┌──
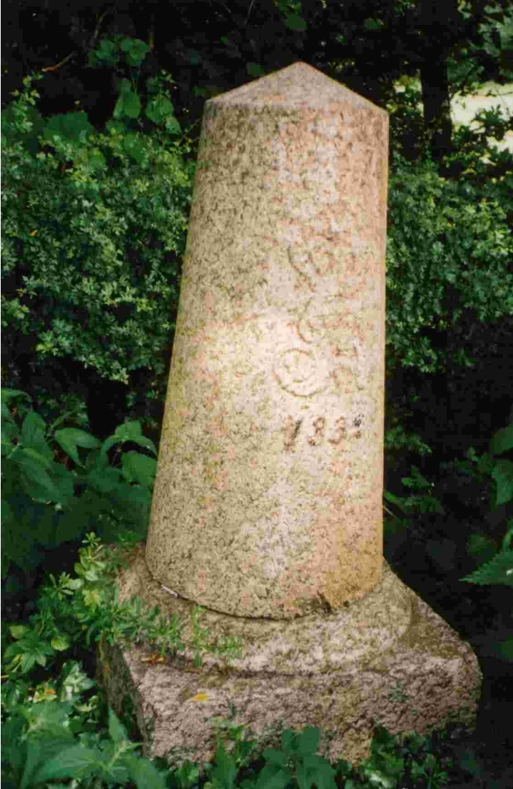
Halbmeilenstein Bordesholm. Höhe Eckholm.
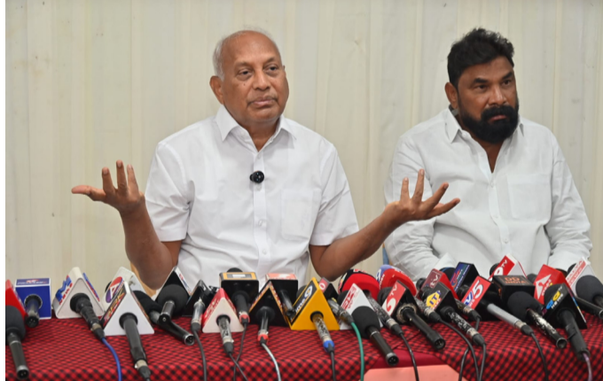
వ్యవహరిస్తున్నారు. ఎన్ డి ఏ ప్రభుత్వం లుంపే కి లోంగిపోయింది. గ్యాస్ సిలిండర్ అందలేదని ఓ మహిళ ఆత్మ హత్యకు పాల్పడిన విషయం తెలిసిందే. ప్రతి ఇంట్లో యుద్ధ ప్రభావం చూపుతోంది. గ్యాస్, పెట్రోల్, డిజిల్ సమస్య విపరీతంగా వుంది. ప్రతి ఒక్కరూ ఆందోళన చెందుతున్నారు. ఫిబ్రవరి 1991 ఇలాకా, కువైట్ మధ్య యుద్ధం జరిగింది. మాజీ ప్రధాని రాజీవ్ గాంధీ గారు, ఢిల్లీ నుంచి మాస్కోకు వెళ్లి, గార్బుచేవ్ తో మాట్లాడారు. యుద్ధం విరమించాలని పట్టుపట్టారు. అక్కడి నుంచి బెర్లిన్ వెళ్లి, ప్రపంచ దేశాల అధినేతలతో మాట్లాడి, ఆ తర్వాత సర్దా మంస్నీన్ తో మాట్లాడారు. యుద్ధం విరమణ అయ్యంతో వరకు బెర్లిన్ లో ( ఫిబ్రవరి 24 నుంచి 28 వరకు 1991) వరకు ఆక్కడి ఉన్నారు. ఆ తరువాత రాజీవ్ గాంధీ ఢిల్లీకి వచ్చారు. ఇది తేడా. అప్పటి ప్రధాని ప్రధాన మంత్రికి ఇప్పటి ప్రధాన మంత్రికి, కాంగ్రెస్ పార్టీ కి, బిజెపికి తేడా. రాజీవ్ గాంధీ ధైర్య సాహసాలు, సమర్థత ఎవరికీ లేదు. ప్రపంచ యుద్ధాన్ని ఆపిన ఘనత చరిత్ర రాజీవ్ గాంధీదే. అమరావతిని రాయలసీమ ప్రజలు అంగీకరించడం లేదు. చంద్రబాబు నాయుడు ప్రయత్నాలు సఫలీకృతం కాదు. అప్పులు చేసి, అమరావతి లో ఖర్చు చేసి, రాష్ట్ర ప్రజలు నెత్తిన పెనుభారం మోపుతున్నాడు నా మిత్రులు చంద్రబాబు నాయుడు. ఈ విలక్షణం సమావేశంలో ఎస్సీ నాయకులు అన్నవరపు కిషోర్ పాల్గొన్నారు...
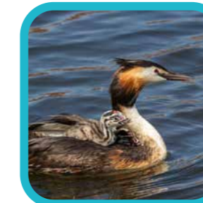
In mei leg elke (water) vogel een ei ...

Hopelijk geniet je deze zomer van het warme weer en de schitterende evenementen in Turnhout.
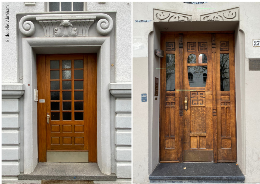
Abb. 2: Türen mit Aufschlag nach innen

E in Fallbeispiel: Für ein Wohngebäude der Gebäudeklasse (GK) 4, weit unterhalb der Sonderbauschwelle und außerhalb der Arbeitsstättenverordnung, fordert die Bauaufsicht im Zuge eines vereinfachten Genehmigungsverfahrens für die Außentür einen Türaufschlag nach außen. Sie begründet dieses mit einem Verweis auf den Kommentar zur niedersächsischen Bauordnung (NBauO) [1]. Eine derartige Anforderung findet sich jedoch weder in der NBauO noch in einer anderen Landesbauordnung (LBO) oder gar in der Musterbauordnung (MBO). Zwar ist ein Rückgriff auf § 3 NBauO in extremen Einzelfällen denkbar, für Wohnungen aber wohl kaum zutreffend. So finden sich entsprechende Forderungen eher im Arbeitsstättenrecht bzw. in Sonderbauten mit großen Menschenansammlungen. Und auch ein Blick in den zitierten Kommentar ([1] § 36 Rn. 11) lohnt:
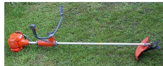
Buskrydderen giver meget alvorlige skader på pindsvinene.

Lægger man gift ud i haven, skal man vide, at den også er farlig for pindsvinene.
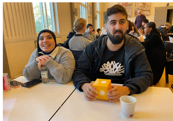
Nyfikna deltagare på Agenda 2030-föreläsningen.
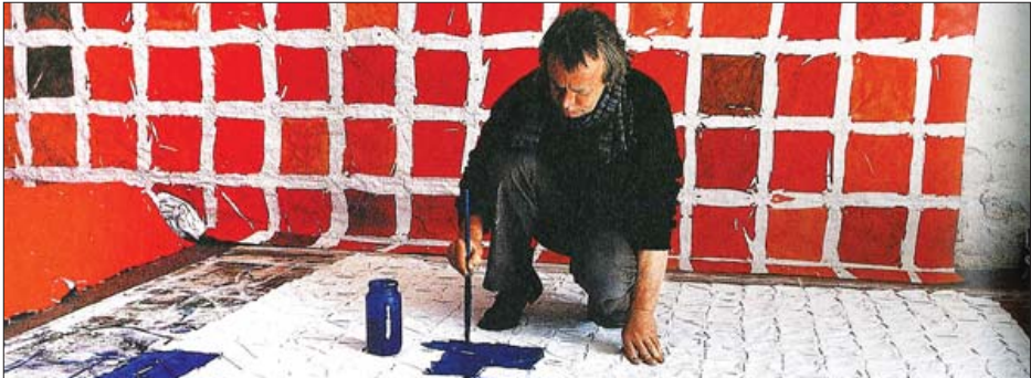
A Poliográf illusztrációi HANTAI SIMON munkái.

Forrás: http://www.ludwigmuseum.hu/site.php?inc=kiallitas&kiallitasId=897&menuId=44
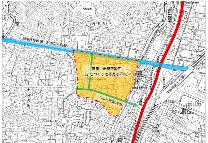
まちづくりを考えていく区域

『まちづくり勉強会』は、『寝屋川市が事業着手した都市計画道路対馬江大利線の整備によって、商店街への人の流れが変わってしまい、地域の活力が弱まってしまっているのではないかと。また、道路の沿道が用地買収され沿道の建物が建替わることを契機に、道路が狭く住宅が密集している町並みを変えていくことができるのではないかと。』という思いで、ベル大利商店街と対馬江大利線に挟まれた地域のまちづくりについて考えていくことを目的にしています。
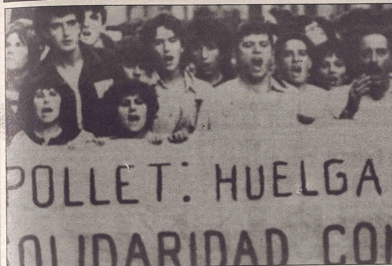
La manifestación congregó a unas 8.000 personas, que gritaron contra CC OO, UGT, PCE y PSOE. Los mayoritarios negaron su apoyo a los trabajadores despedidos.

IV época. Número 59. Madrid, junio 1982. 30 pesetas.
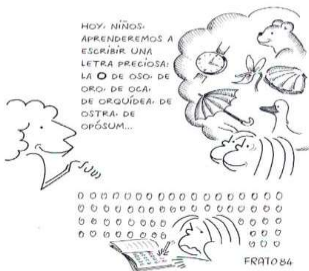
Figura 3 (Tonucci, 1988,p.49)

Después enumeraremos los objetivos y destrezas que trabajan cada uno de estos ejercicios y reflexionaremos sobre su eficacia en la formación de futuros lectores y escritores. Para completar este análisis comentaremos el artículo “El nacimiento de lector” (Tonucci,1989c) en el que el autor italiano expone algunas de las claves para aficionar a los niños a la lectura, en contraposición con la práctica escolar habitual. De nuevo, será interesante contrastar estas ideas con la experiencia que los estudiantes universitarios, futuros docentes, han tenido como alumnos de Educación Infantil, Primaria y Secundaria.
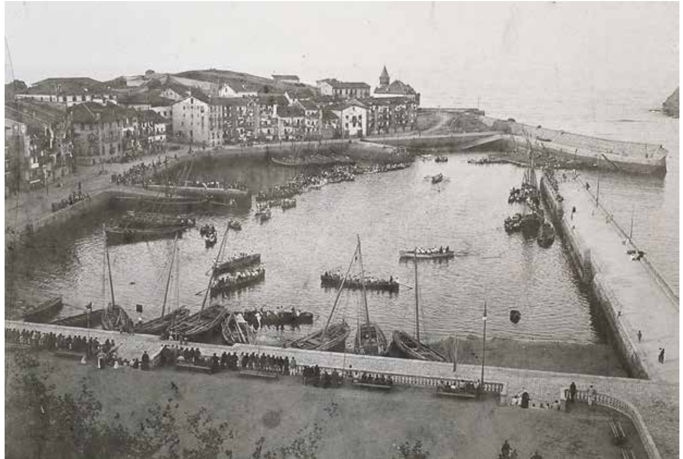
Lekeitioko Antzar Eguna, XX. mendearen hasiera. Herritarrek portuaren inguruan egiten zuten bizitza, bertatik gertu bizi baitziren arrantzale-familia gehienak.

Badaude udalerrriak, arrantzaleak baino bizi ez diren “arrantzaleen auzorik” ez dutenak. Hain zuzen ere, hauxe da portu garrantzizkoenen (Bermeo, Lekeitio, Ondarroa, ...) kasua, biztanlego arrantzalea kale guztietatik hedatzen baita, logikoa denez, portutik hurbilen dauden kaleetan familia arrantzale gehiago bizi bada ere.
└──
*DIRECTIONS FOR THIS TASK*. Give the listing again in full, exactly as it is, but without its images.

*THE COMPLETED TASK*.
Halbmeilenstein Bordesholm. Höhe Eckholm.
వ్యవహరిస్తున్నారు. ఎన్ డి ఏ ప్రభుత్వం లుంపే కి లోంగిపోయింది. గ్యాస్ సిలిండర్ అందలేదని ఓ మహిళ ఆత్మ హత్యకు పాల్పడిన విషయం తెలిసిందే. ప్రతి ఇంట్లో యుద్ధ ప్రభావం చూపుతోంది. గ్యాస్, పెట్రోల్, డిజిల్ సమస్య విపరీతంగా వుంది. ప్రతి ఒక్కరూ ఆందోళన చెందుతున్నారు. ఫిబ్రవరి 1991 ఇలాకా, కువైట్ మధ్య యుద్ధం జరిగింది. మాజీ ప్రధాని రాజీవ్ గాంధీ గారు, ఢిల్లీ నుంచి మాస్కోకు వెళ్లి, గార్బుచేవ్ తో మాట్లాడారు. యుద్ధం విరమించాలని పట్టుపట్టారు. అక్కడి నుంచి బెర్లిన్ వెళ్లి, ప్రపంచ దేశాల అధినేతలతో మాట్లాడి, ఆ తర్వాత సర్దా మంస్నీన్ తో మాట్లాడారు. యుద్ధం విరమణ అయ్యంతో వరకు బెర్లిన్ లో ( ఫిబ్రవరి 24 నుంచి 28 వరకు 1991) వరకు ఆక్కడి ఉన్నారు. ఆ తరువాత రాజీవ్ గాంధీ ఢిల్లీకి వచ్చారు. ఇది తేడా. అప్పటి ప్రధాని ప్రధాన మంత్రికి ఇప్పటి ప్రధాన మంత్రికి, కాంగ్రెస్ పార్టీ కి, బిజెపికి తేడా. రాజీవ్ గాంధీ ధైర్య సాహసాలు, సమర్థత ఎవరికీ లేదు. ప్రపంచ యుద్ధాన్ని ఆపిన ఘనత చరిత్ర రాజీవ్ గాంధీదే. అమరావతిని రాయలసీమ ప్రజలు అంగీకరించడం లేదు. చంద్రబాబు నాయుడు ప్రయత్నాలు సఫలీకృతం కాదు. అప్పులు చేసి, అమరావతి లో ఖర్చు చేసి, రాష్ట్ర ప్రజలు నెత్తిన పెనుభారం మోపుతున్నాడు నా మిత్రులు చంద్రబాబు నాయుడు. ఈ విలక్షణం సమావేశంలో ఎస్సీ నాయకులు అన్నవరపు కిషోర్ పాల్గొన్నారు...
In mei leg elke (water) vogel een ei ...

Hopelijk geniet je deze zomer van het warme weer en de schitterende evenementen in Turnhout.
Abb. 2: Türen mit Aufschlag nach innen

E in Fallbeispiel: Für ein Wohngebäude der Gebäudeklasse (GK) 4, weit unterhalb der Sonderbauschwelle und außerhalb der Arbeitsstättenverordnung, fordert die Bauaufsicht im Zuge eines vereinfachten Genehmigungsverfahrens für die Außentür einen Türaufschlag nach außen. Sie begründet dieses mit einem Verweis auf den Kommentar zur niedersächsischen Bauordnung (NBauO) [1]. Eine derartige Anforderung findet sich jedoch weder in der NBauO noch in einer anderen Landesbauordnung (LBO) oder gar in der Musterbauordnung (MBO). Zwar ist ein Rückgriff auf § 3 NBauO in extremen Einzelfällen denkbar, für Wohnungen aber wohl kaum zutreffend. So finden sich entsprechende Forderungen eher im Arbeitsstättenrecht bzw. in Sonderbauten mit großen Menschenansammlungen. Und auch ein Blick in den zitierten Kommentar ([1] § 36 Rn. 11) lohnt:
Buskrydderen giver meget alvorlige skader på pindsvinene.

Lægger man gift ud i haven, skal man vide, at den også er farlig for pindsvinene.
Nyfikna deltagare på Agenda 2030-föreläsningen.
A Poliográf illusztrációi HANTAI SIMON munkái.

Forrás: http://www.ludwigmuseum.hu/site.php?inc=kiallitas&kiallitasId=897&menuId=44
まちづくりを考えていく区域

『まちづくり勉強会』は、『寝屋川市が事業着手した都市計画道路対馬江大利線の整備によって、商店街への人の流れが変わってしまい、地域の活力が弱まってしまっているのではないかと。また、道路の沿道が用地買収され沿道の建物が建替わることを契機に、道路が狭く住宅が密集している町並みを変えていくことができるのではないかと。』という思いで、ベル大利商店街と対馬江大利線に挟まれた地域のまちづくりについて考えていくことを目的にしています。
La manifestación congregó a unas 8.000 personas, que gritaron contra CC OO, UGT, PCE y PSOE. Los mayoritarios negaron su apoyo a los trabajadores despedidos.

IV época. Número 59. Madrid, junio 1982. 30 pesetas.
Figura 3 (Tonucci, 1988,p.49)

Después enumeraremos los objetivos y destrezas que trabajan cada uno de estos ejercicios y reflexionaremos sobre su eficacia en la formación de futuros lectores y escritores. Para completar este análisis comentaremos el artículo “El nacimiento de lector” (Tonucci,1989c) en el que el autor italiano expone algunas de las claves para aficionar a los niños a la lectura, en contraposición con la práctica escolar habitual. De nuevo, será interesante contrastar estas ideas con la experiencia que los estudiantes universitarios, futuros docentes, han tenido como alumnos de Educación Infantil, Primaria y Secundaria.
Lekeitioko Antzar Eguna, XX. mendearen hasiera. Herritarrek portuaren inguruan egiten zuten bizitza, bertatik gertu bizi baitziren arrantzale-familia gehienak.

Badaude udalerrriak, arrantzaleak baino bizi ez diren “arrantzaleen auzorik” ez dutenak. Hain zuzen ere, hauxe da portu garrantzizkoenen (Bermeo, Lekeitio, Ondarroa, ...) kasua, biztanlego arrantzalea kale guztietatik hedatzen baita, logikoa denez, portutik hurbilen dauden kaleetan familia arrantzale gehiago bizi bada ere.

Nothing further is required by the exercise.